Provided material ::
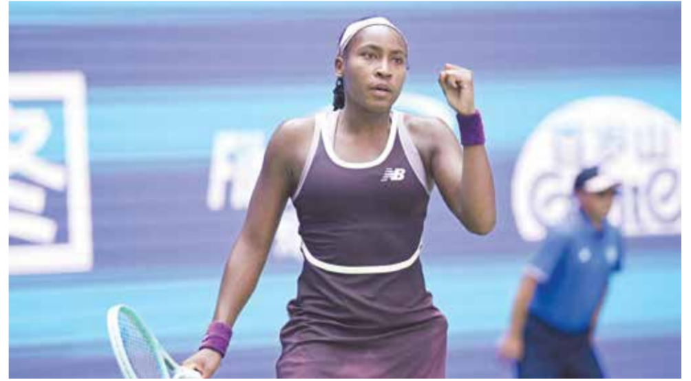
○ غوف. (أ ف ب)
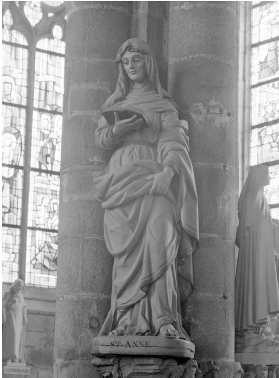
Statue : Saint Anne (état en 1984)
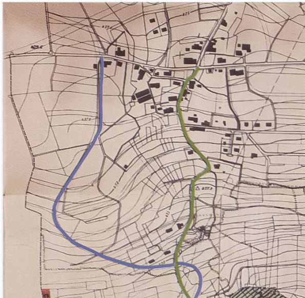
Abbildung 100: Karte von Hüttikon um 1950. Während die grüne Linie die aktuelle Strasse auf den Hüttikerberg zeigt, wird mit der blauen Linie die mögliche Umfahrung angezeigt. (Darstellung: Sabine Moser-Schlüer)

Ende der 1950er-Jahre, als der Autoverkehr in der Schweiz zunimmt, sollen die Hüttiker Strassen generell mit einem Belag versehen werden. Am 18. März 1961 stimmt die Gemeindeversammlung zu, dass die Strasse auf den Hüttikerberg geteert werden soll. In diesem Zusammenhang kommt die Idee einer weniger steilen Umfahrung auf, die weiter westlich auf den Hüttikerberg führen soll. Die Idee wird jedoch verworfen.
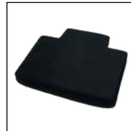
Kissen für Funktionsplatte
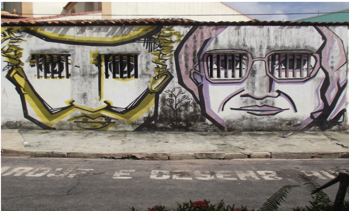
Foto 11: Graffiti de moradores ilustres da Cidade Velha: o padre Antônio Vieira e a médica Betina Ferro.
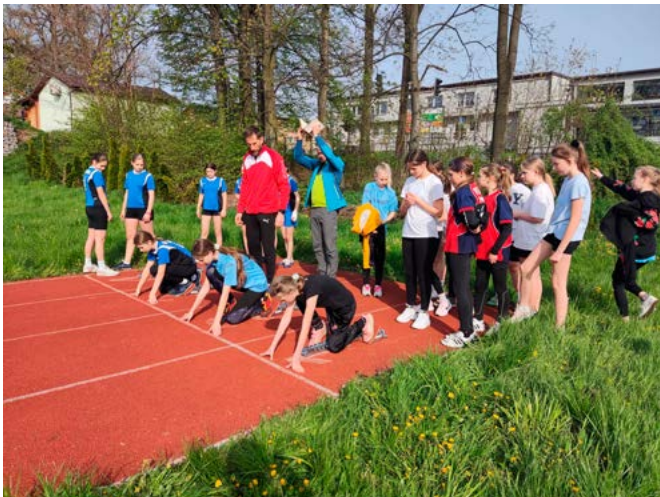
Start do biegu

Assignment :: Print each entry above verbatim, pictures left out.

Worked solution ::
○ غوف. (أ ف ب)
Statue : Saint Anne (état en 1984)
Abbildung 100: Karte von Hüttikon um 1950. Während die grüne Linie die aktuelle Strasse auf den Hüttikerberg zeigt, wird mit der blauen Linie die mögliche Umfahrung angezeigt. (Darstellung: Sabine Moser-Schlüer)

Ende der 1950er-Jahre, als der Autoverkehr in der Schweiz zunimmt, sollen die Hüttiker Strassen generell mit einem Belag versehen werden. Am 18. März 1961 stimmt die Gemeindeversammlung zu, dass die Strasse auf den Hüttikerberg geteert werden soll. In diesem Zusammenhang kommt die Idee einer weniger steilen Umfahrung auf, die weiter westlich auf den Hüttikerberg führen soll. Die Idee wird jedoch verworfen.
Kissen für Funktionsplatte
Foto 11: Graffiti de moradores ilustres da Cidade Velha: o padre Antônio Vieira e a médica Betina Ferro.
Start do biegu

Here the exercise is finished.